WHAT TO PRODUCE:
Write all of the entries out again exactly, but not the images.
═══ DATA SUPPLIED ═══
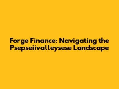 Forge Finance: Navigating The Psepseiivalleysese Landscape
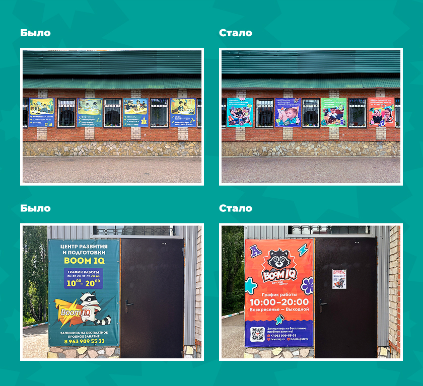 BoomIQ — центр с высоким качеством услуг, но его визуал устарел. Из-за разрозненности материалов и невыразительного фирменного стиля компания проигрывала более современным конкурентам. Главная цель: создать единую дизайн-систему, готовую к масштабированию на новые филиалы.
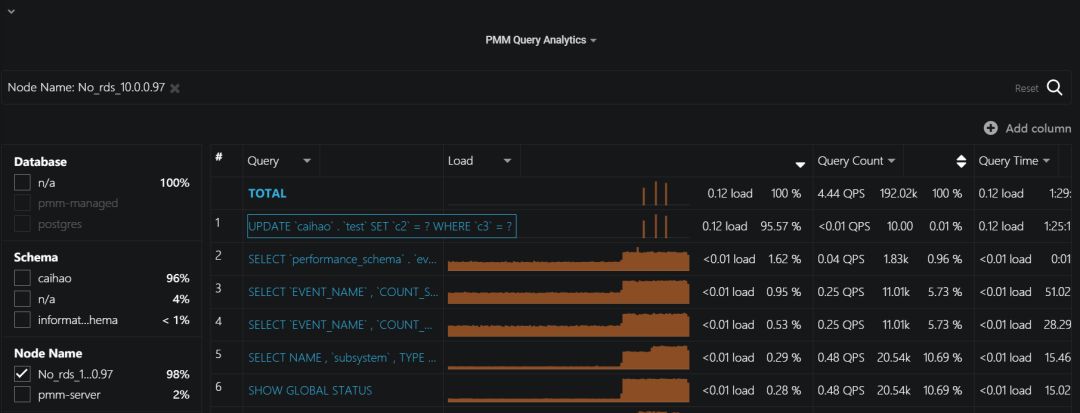 [root@localhost caihao]# pmm-admin add mysql:queries --host 10.5.86.81 --user pmm --password *** rds-10.5.86.81
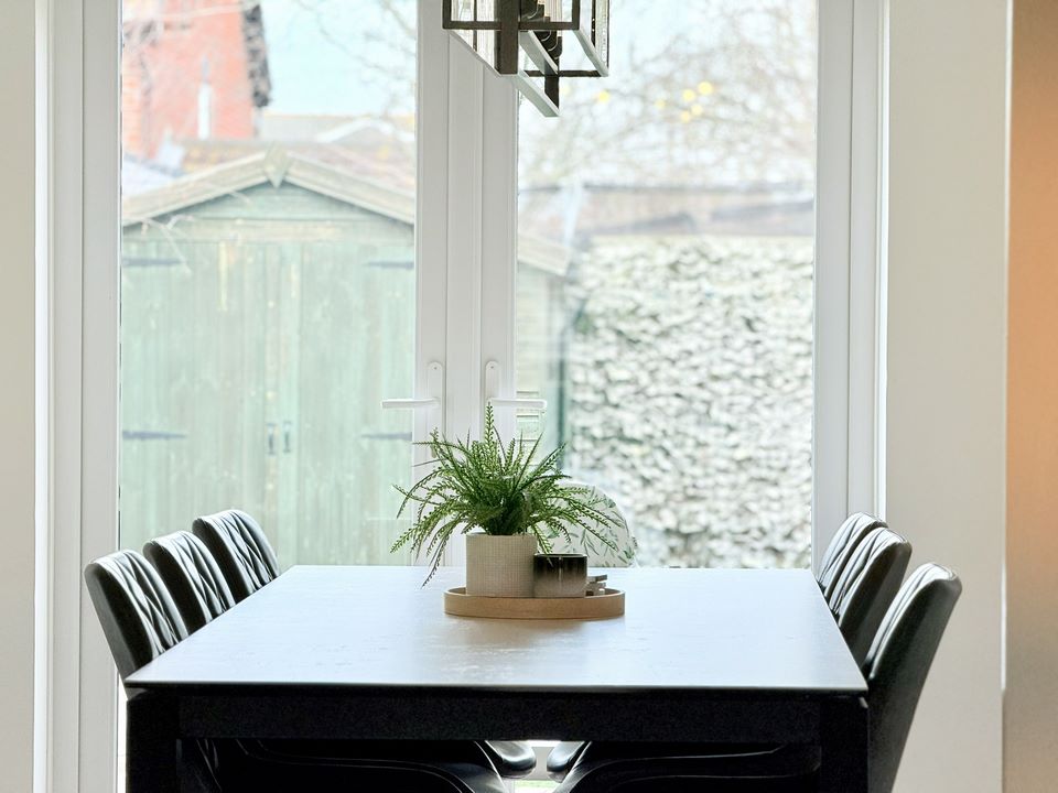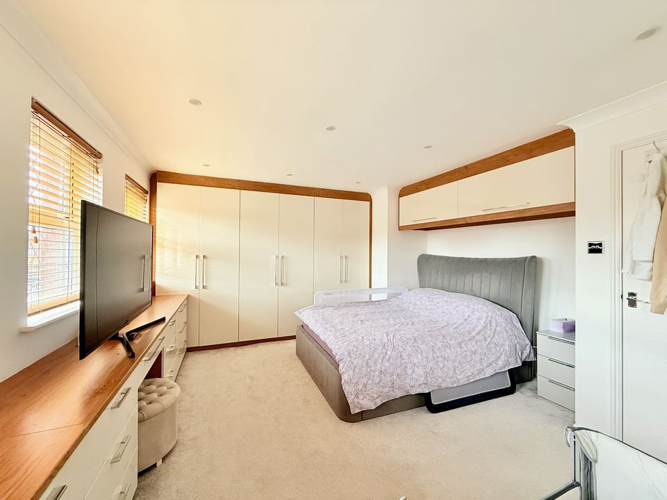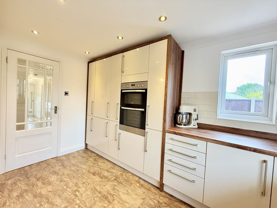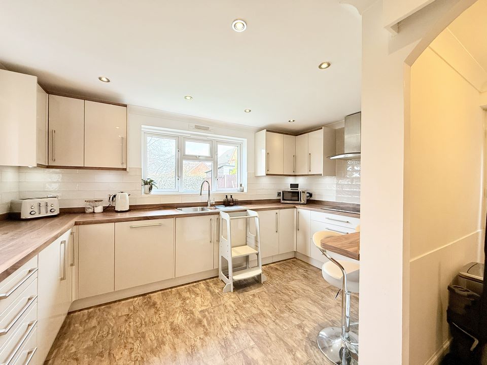 Further ground floor accommodation includes a modernised downstairs cloakroom and internal access to the integral garage, offering practical storage or potential for alternative uses, subject to individual requirements & approval. Completing the ground floor is a stylishly refitted kitchen, fitted with matching base and wall units and a full range of integrated appliances, including oven, grill, fridge freezer, induction hob, dishwasher, and extractor. The kitchen is complemented by a separate utility area with additional worktop space, plumbing for appliances, housing for the boiler, and a composite stable-style side door providing external access to the garden.
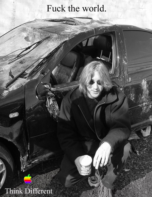 Hunter didn't let a small car wreck stop him. This is from the morning after, reclaiming his wallet from the console. It made a nice ad parody.
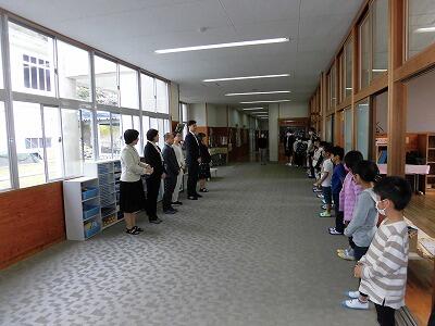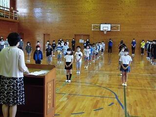 離任式は、放送で転出される先生方のお話が流れました。子ども達は、しっかり聞いていました。
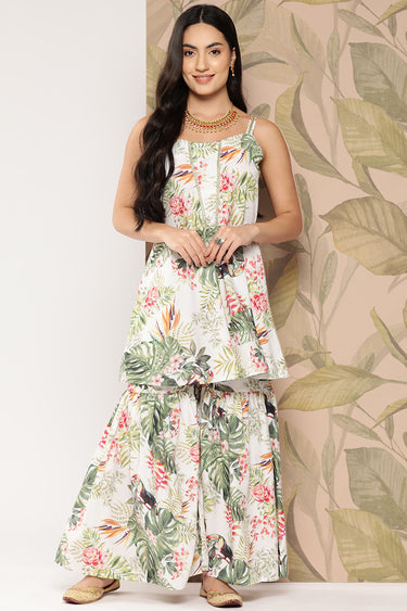 Exclusive White Crepe Fabric Function Wear Floral Printed Readymade Top With Bottom Set
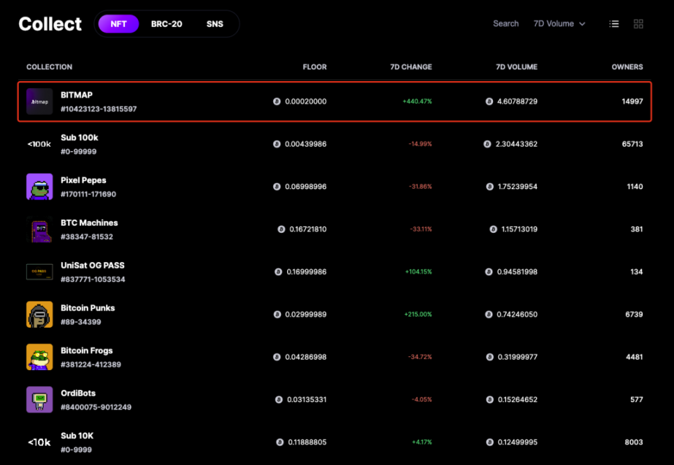 从比特币 NFT 大类的近 7 日销售排行来看,Bitmap 居首位。Bitmap.land 地板价为 0.0002BTC、7 日销售额为 4.6BTC、7 日销售额增幅 440%,数据上比较漂亮,显然也有相当的 fomo 情绪。
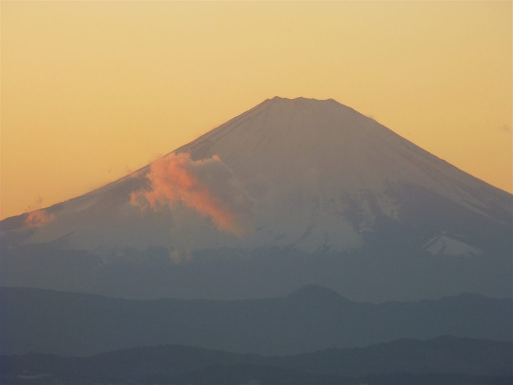 夕日です 朝は寒さに負けました
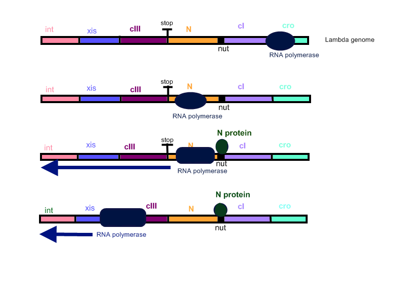 Diagram depicting the role of N protein as an antiterminator in the early developmental stages of Lambda
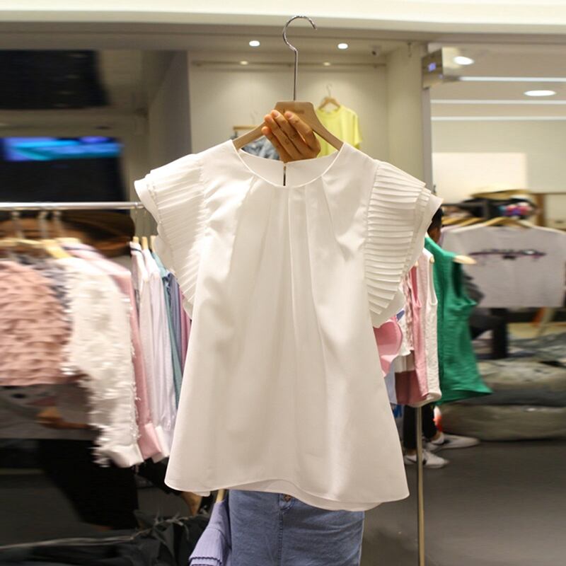 ソリッドホワイトブラックブラウスOネック半袖プリーツトップスファッションルーズシャツ ショート ハーフスリーブ ソリッドカラー
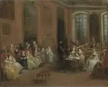 Étienne François, duc de Choiseul, acquired the hôtel by his marriage in 1750 to Louise-Honorine Crozat, daughter of Louis-François Crozat, marquis du Châtel.[8] Choiseul made numerous enhancements to the house until it became one of the most sumptuous in Paris. The interior was depicted by the miniaturist Louis-Nicolas Van Blarenberghe on the famous Choiseul snuffbox (c. 1770–1771).[9] The walls were covered with rather simple wood panelling, most of which was installed under the Crozats, and the parquet floors were made from exotic woods. His hôtel housed a large collection of important paintings,[10] consisting mainly of Dutch, Flemish, and French pictures, including eight works by Rembrandt.[11] Italian paintings inherited by his wife from her father were displayed in the Grand Gallery at their country estate, the Château de Chanteloup.[12]
═══
SOLUTION FOR THIS EXERCISE:
 Forge Finance: Navigating The Psepseiivalleysese Landscape
 BoomIQ — центр с высоким качеством услуг, но его визуал устарел. Из-за разрозненности материалов и невыразительного фирменного стиля компания проигрывала более современным конкурентам. Главная цель: создать единую дизайн-систему, готовую к масштабированию на новые филиалы.
 [root@localhost caihao]# pmm-admin add mysql:queries --host 10.5.86.81 --user pmm --password *** rds-10.5.86.81
 Further ground floor accommodation includes a modernised downstairs cloakroom and internal access to the integral garage, offering practical storage or potential for alternative uses, subject to individual requirements & approval. Completing the ground floor is a stylishly refitted kitchen, fitted with matching base and wall units and a full range of integrated appliances, including oven, grill, fridge freezer, induction hob, dishwasher, and extractor. The kitchen is complemented by a separate utility area with additional worktop space, plumbing for appliances, housing for the boiler, and a composite stable-style side door providing external access to the garden.
 Hunter didn't let a small car wreck stop him. This is from the morning after, reclaiming his wallet from the console. It made a nice ad parody.
 離任式は、放送で転出される先生方のお話が流れました。子ども達は、しっかり聞いていました。
 Exclusive White Crepe Fabric Function Wear Floral Printed Readymade Top With Bottom Set
 从比特币 NFT 大类的近 7 日销售排行来看,Bitmap 居首位。Bitmap.land 地板价为 0.0002BTC、7 日销售额为 4.6BTC、7 日销售额增幅 440%,数据上比较漂亮,显然也有相当的 fomo 情绪。
 夕日です 朝は寒さに負けました
 Diagram depicting the role of N protein as an antiterminator in the early developmental stages of Lambda
 ソリッドホワイトブラックブラウスOネック半袖プリーツトップスファッションルーズシャツ ショート ハーフスリーブ ソリッドカラー
 Étienne François, duc de Choiseul, acquired the hôtel by his marriage in 1750 to Louise-Honorine Crozat, daughter of Louis-François Crozat, marquis du Châtel.[8] Choiseul made numerous enhancements to the house until it became one of the most sumptuous in Paris. The interior was depicted by the miniaturist Louis-Nicolas Van Blarenberghe on the famous Choiseul snuffbox (c. 1770–1771).[9] The walls were covered with rather simple wood panelling, most of which was installed under the Crozats, and the parquet floors were made from exotic woods. His hôtel housed a large collection of important paintings,[10] consisting mainly of Dutch, Flemish, and French pictures, including eight works by Rembrandt.[11] Italian paintings inherited by his wife from her father were displayed in the Grand Gallery at their country estate, the Château de Chanteloup.[12]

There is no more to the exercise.